### GIVEN MATERIAL
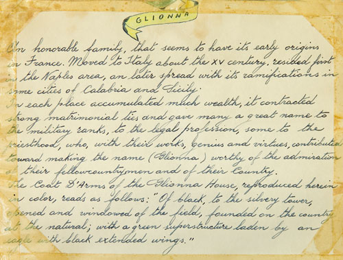 Glionna family Coat of Arms (A gift from D’Arcy Glionna, 2008)
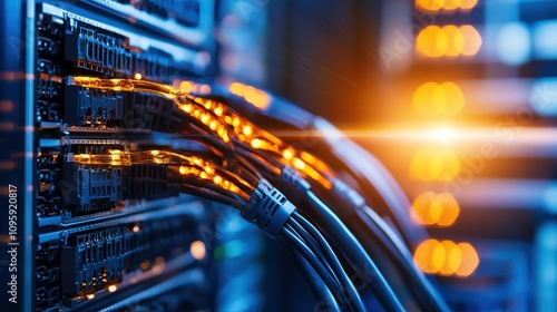business strategy operations scalability concept. A close-up view of network cables connected to servers, highlighting the glowing connections in a data center environment.
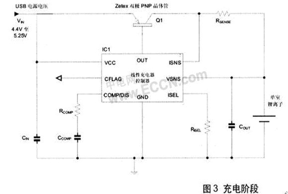 圖3顯示典型USB總線供電單室鋰離子線性電池充電器應(yīng)用,在此應(yīng)用中,Zetex低飽和ZXTP25020CFF雙極PNP晶體管同時具備反向阻斷能力。

### WHAT IS BEING ASKED
Would you transcribe all of the data exactly, omitting any pictures?

### EXERCISE SOLUTION
 Glionna family Coat of Arms (A gift from D’Arcy Glionna, 2008)
business strategy operations scalability concept. A close-up view of network cables connected to servers, highlighting the glowing connections in a data center environment.
 圖3顯示典型USB總線供電單室鋰離子線性電池充電器應(yīng)用,在此應(yīng)用中,Zetex低飽和ZXTP25020CFF雙極PNP晶體管同時具備反向阻斷能力。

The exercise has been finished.